TARTA DE SANTIAGO - BOLO DE SANTIAGO

TARTA DE SANTIAGO - BOLO DE SANTIAGO




O casamento feliz da amêndoa com o ovo, celebrado pelo açúcar, gerou algumas obras-primas da doçaria universal. Textos antigos da bacia do Mediterrâneo ressaltam o sucesso da união. Mas, atualmente, nenhuma receita supera a Torta de Santiago em prestígio internacional. Sobre uma base de massa, colocam-se amêndoas trituradas, ovos, açúcar, canela e casca de limão. O resultado é uma elaboração que equilibra os aromas das amêndoas e dos ovos. Se for industrializada, a textura se revela consistente e granulada, podendo ser consumida em até três meses após o preparo; artesanal, apresenta-se macia, e dura uma semana. O sabor de ambas é literalmente divino. Ninguém explica como o doce surgiu, se foi por obra de um religioso ou peregrino que percorreu o Caminho de Santiago, a longa rota devotiva, com opções de trajeto, que atravessa o norte da Espanha a partir da fronteira com a França, extasiando criaturas dos mais longínquos recantos do mundo.
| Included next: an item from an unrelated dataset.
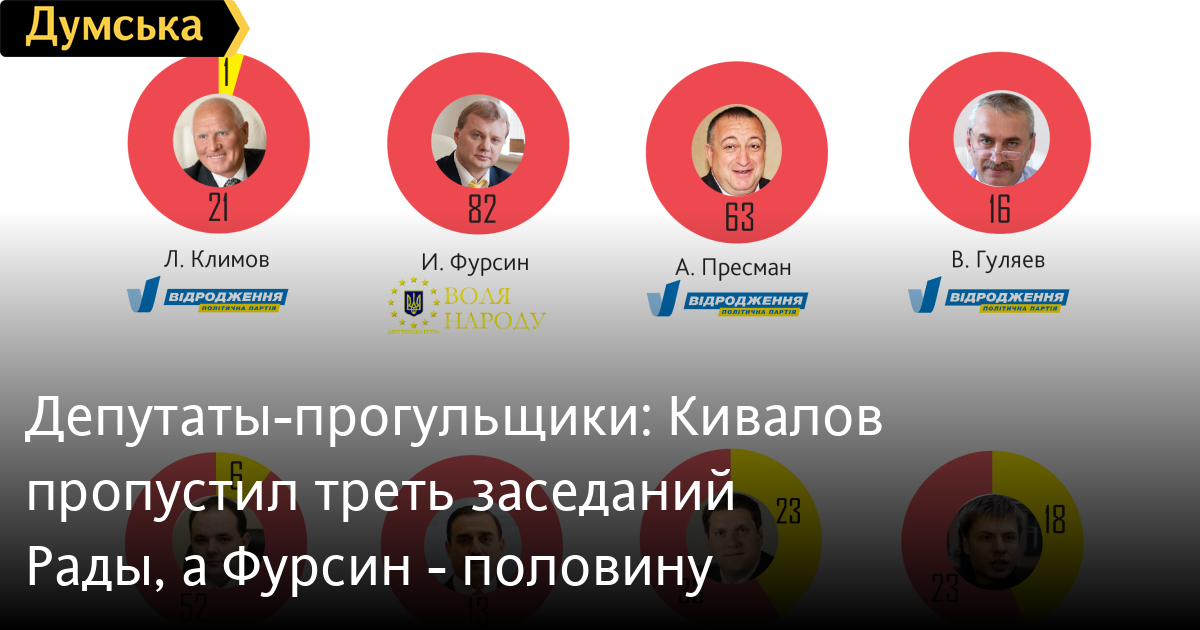 Лидером по прогулам стал нардеп Иван Фурсин, который не явился в парламент 82 раза (49%). Второе место у Евгения Дейдея, пропустившего 68 заседаний (40%).

O destino é sempre Santiago de Compostela, na atual região autônoma da Galícia. Sua majestosa catedral barroca, construída entre os séculos 11 e 12, guardaria os restos mortais de São Tiago Maior, um dos 12 apóstolos de Jesus Cristo. O Novo Testamento diz que o rei Herodes Agripa (At 12,2) mandou decapitá-lo no ano 44 d.C. Desde a Idade Média, a cidade oferece a Torta de Santiago. Os peregrinos vão embora levando-a como souvenir, especialmente no dia 25 de julho, festa do santo. Chegando em casa, saboreiam-na enlevados, até porque na superfície do doce se encontra a silhueta da cruz da Ordem dos Cavaleiros de Santiago, delineada com açúcar de confeiteiro.





Nem sempre a elaboração recebeu a designação atual. Originalmente, chamava-se bizcocho de almendra. Aparece desse modo em relato de 1577, sobre a visita do inspetor d. Pedro de Portocarrero à Universidade de Santiago de Compostela, para investigar (e comprovar) denúncias de excessos alimentares dos professores ao concederem graus acadêmicos. Continuou a ter o nome primitivo no Cuaderno de Confitería, de Luis Bartolomé de Leybar, de 1838. Em El Confitero y el Pastelero, de Eduardo Merín, de 1893, porém, mudou para Tarta (torta, em português) de Alméndro. Entretanto, os livros culinários espanhóis do século 20 a consagraram como Torta de Santiago. Foi mencionada assim em 2006, quando mereceu o status de produto de Indicação Geográfica Protegida - IGP, com base nas regras da União Européia, que padronizou a receita, disciplinou os ingredientes usados, suas proporções, método de elaboração, etc. A cruz na superfície, decoração instituída em 1924 pela desaparecida Casa Mora, de Santiago de Compostela, tornou-se obrigatória.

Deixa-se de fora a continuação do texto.